I have an eighteen and a half foot bayliner cuddy cabin. I want to add a trolling motor so I dont' have to change props on my outdrive everytime I want to go faster than five mph. Is there a minimum hp that I should consider to push this boat with or will, say a five horse work just fine?


----------



## luv2fsh&hnt (Sep 22, 2007)

My buddy has a bayliner capri I think and he uses a 9 horse yamaha for a kicker.


----------



## Grandpa D (Sep 7, 2007)

My son is using a 5 horse on his 18' boat. The wind will turn his boat around and the 5 horse won't keep up with it.
I would suggest a 9 horse.

I have a 15' tri hull and a 5 horse works fine with it.


----------



## DallanC (Jan 13, 2009)

How do you guys hook up steering with your kickers? Do you lean over and steer with the kicker, hook the kicker to your primary outboard and steer with steering wheel etc etc? I've long thought about getting a kicker but with the positioning of our transom and the downriggers, I dont have access to lean over and steer that way.

Right now we use a troll plate on the outboard which keeps us in the +1.8mph range. Works fine, just uses a big more fuel.


-DallanC


----------



## Grandpa D (Sep 7, 2007)

I use the rod that connects the troller to the main.
My son uses an electric control on his.
It's nice, you just set the speed and then control the motor with a remote switch.
Costs more than my system though.


----------



## Bhilly81 (Oct 18, 2009)

you just use a rod that mounts from the kicker to the main motor and they will both turn all the same with the turn of the wheel the seven horse that i have has the mounting bracket for that rod mount


----------



## DallanC (Jan 13, 2009)

Thanks for the info guys!


-DallanC


----------



## 71nova (Jan 9, 2008)

yeah thanks guys


----------



## 71nova (Jan 9, 2008)

now i wonder if it would interfere with my trim tabs. On the back I have a one third "swim deck", an outdrive, a downrigger, trim tabs, my fishfinder, a rod holder. It seems to me that the only place for the motor would be between my outdrive and downrigger/trim tab. I don't really want a front mount because then 
I would have to climb out on the cuddy, that would still be better than a 9 pitch prop though.


----------



## BROWN BAGGER (Sep 13, 2007)

I have a 5 hp on my 20' alumacraft. I have other problems from the motor than hp. it's called a short fat shaft  The 5 hp merc pushes my boat just fine; wind or not. I just don't have reverse. That's what I have to live with, cause I couldn't afford a new long shaft and the motor came off my smaller boat.

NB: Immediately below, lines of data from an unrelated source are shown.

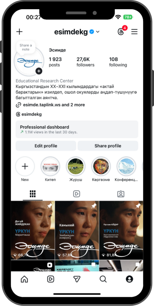 Тогуз жылдан бери «Эсимде» изилдөө аянтчасы Кыргызстандын XX–XXI кылымдардагы «актай барактарын» изилдеп, талдап келет.
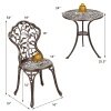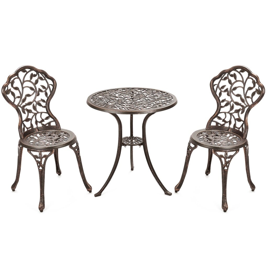 Made of cast aluminum, the bistro set is strong and durable. It features an attractive leaf design in an antique copper finish. Simple yet elegant, this bistro set is great for outdoor brunches or an afternoon tea on your front porch or any outdoor area.
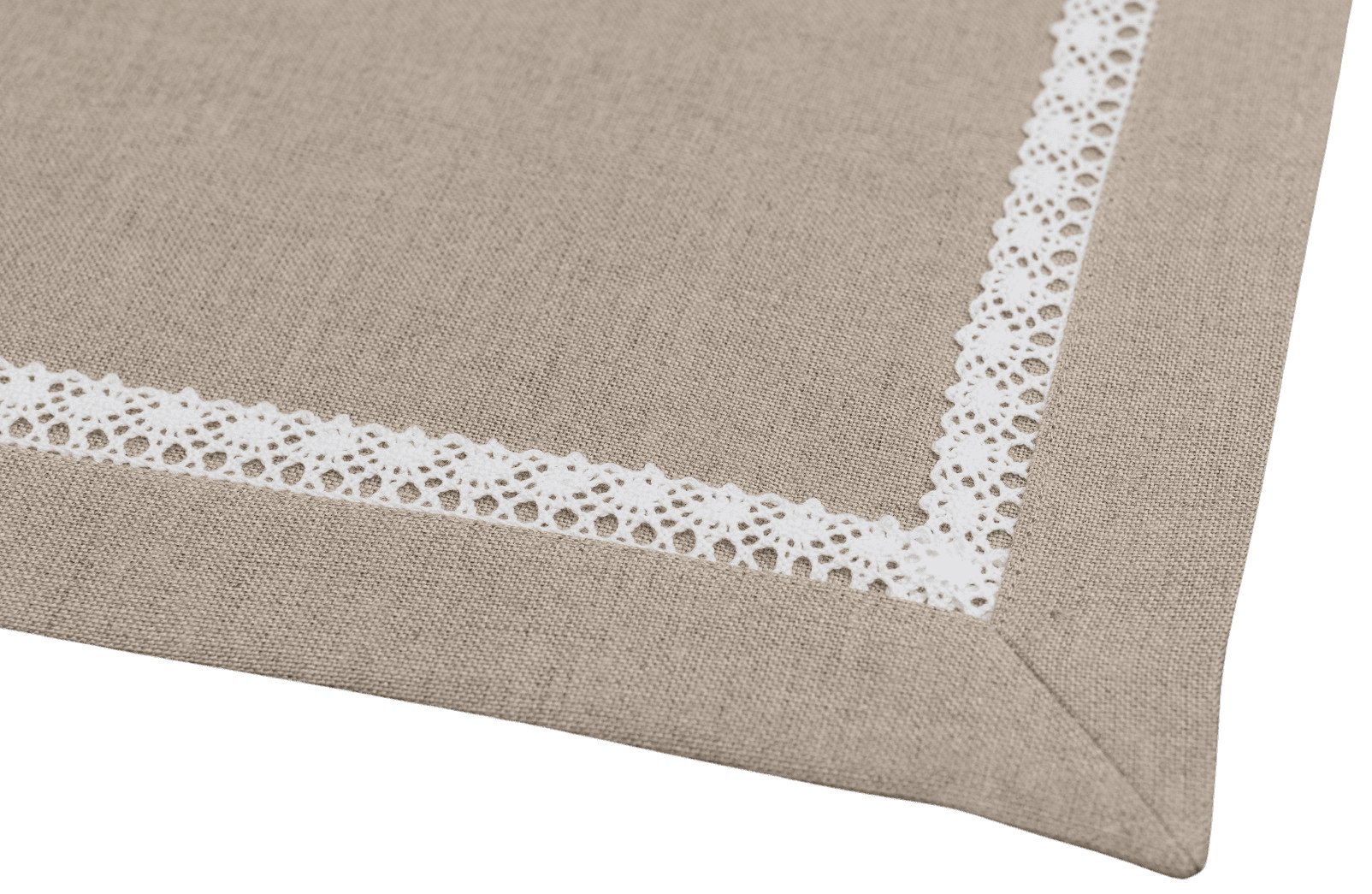 Lniany obrus w kolorze naturalnym z ozdobną koronką
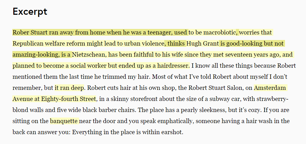 Robert Stuart ran away from home when he was a teenager, used to be macrobiotic, worries that Republican welfare reform might lead to urban violence, thinks Hugh Grant is good-looking but not amazing-looking, is a Nietzschean, has been faithful to his wife since they met seventeen years ago, and planned to become a social worker but ended up as a hairdresser. I know all these things because Robert mentioned them the last time he trimmed my hair. Most of what I’ve told Robert about myself I don’t remember, but it ran deep. Robert cuts hair at his own shop, the Robert Stuart Salon, on Amsterdam Avenue at Eighty-fourth Street, in a skinny storefront about the size of a subway car, with strawberry-blond walls and five wide black barber chairs. The place has a pearly sleekness, but it’s cozy. If you are sitting on the banquette near the door and you speak emphatically, someone having a hair wash in the back can answer you: Everything in the place is within earshot.
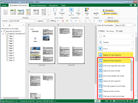 Si une option autre que [2 sur 1] a été sélectionnée pour la mise en page, il est possible de sélectionner les ordres suivants dans la liste déroulante.

71nova, buy a kicker motor mount the extends and mounts to the transom. you have tons of adjustment and it wont interfere with the tabs and electronics. swim deck is another problem' but you have 2 sides of the boat


----------



## Gumbo (Sep 22, 2007)

Look into a mounting system or a hydraulic lift for the kicker rather hanging it off the transom. I also recommend a 4-stroke kicker so it draws fuel from the main fuel tank; no need for separate tanks or mixing (assuming your big motor is oil injected).


----------